→ **INPUT MATERIAL**
□ □ □ □ □ □ □

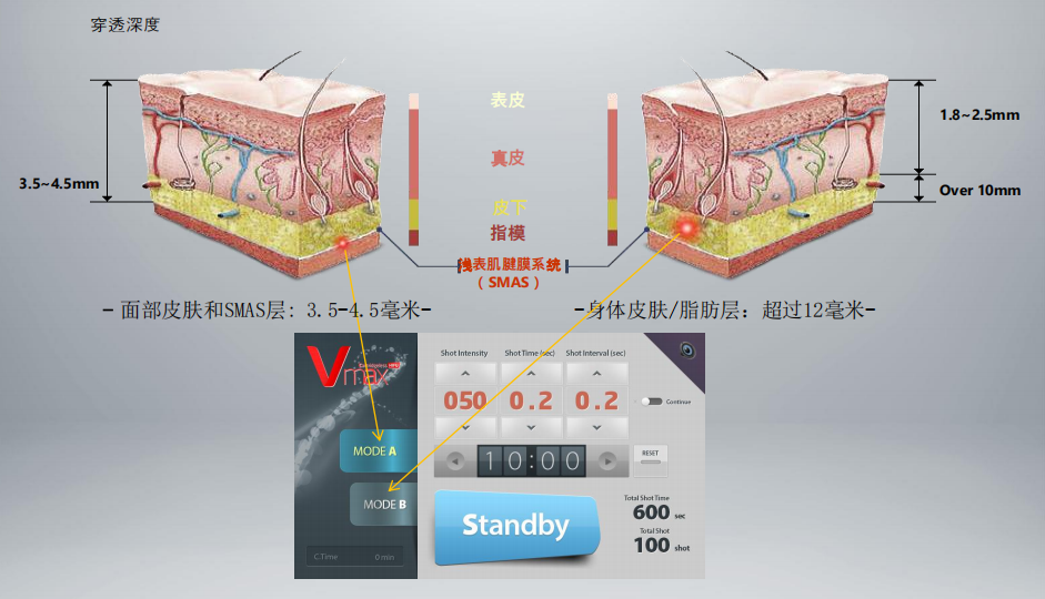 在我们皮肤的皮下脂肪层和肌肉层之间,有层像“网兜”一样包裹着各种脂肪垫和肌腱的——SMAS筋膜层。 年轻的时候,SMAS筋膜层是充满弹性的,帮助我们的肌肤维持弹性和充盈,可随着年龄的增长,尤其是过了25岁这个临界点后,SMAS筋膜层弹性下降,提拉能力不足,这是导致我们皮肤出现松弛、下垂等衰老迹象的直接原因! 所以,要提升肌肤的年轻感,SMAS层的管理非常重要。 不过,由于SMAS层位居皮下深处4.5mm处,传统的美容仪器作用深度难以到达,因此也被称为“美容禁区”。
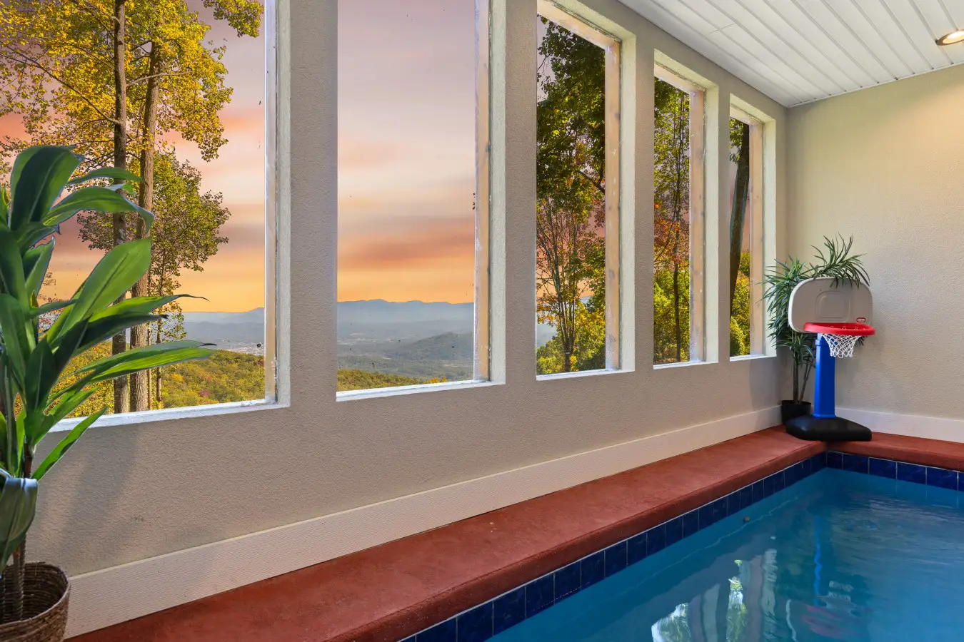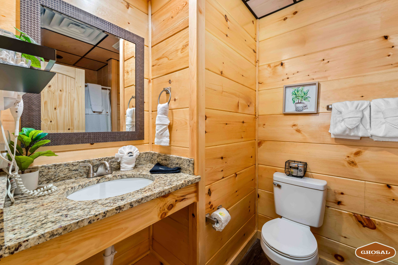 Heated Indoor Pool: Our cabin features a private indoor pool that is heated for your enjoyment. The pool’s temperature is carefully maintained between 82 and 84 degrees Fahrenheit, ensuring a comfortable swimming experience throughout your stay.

□ □ □ □ □ □ □

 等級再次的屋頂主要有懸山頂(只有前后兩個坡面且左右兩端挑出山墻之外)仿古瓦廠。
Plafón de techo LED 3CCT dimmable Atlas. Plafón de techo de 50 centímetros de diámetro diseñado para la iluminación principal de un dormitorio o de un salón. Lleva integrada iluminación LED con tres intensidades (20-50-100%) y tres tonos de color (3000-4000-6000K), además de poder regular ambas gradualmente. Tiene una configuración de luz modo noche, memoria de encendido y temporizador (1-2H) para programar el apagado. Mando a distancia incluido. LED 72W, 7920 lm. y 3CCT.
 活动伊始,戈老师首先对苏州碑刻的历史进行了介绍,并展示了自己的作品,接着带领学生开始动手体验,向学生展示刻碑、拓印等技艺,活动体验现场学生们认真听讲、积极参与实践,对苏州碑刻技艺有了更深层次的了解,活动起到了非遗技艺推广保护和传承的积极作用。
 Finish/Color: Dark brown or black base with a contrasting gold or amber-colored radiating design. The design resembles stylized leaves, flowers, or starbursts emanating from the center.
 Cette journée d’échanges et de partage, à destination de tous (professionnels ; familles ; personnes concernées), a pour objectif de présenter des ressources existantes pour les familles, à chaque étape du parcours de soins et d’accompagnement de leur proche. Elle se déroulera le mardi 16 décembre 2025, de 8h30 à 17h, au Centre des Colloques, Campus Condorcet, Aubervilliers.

□ □ □ □ □ □ □

→ **ABOUT THIS EXERCISE**
Would you print, exactly as written, every line above from the one holding "Finish/Color: Dark brown" through the one holding "Cette journée d’échanges", with both included and no other lines?

→ **YOUR RESPONSE**
 Finish/Color: Dark brown or black base with a contrasting gold or amber-colored radiating design. The design resembles stylized leaves, flowers, or starbursts emanating from the center.
 Cette journée d’échanges et de partage, à destination de tous (professionnels ; familles ; personnes concernées), a pour objectif de présenter des ressources existantes pour les familles, à chaque étape du parcours de soins et d’accompagnement de leur proche. Elle se déroulera le mardi 16 décembre 2025, de 8h30 à 17h, au Centre des Colloques, Campus Condorcet, Aubervilliers.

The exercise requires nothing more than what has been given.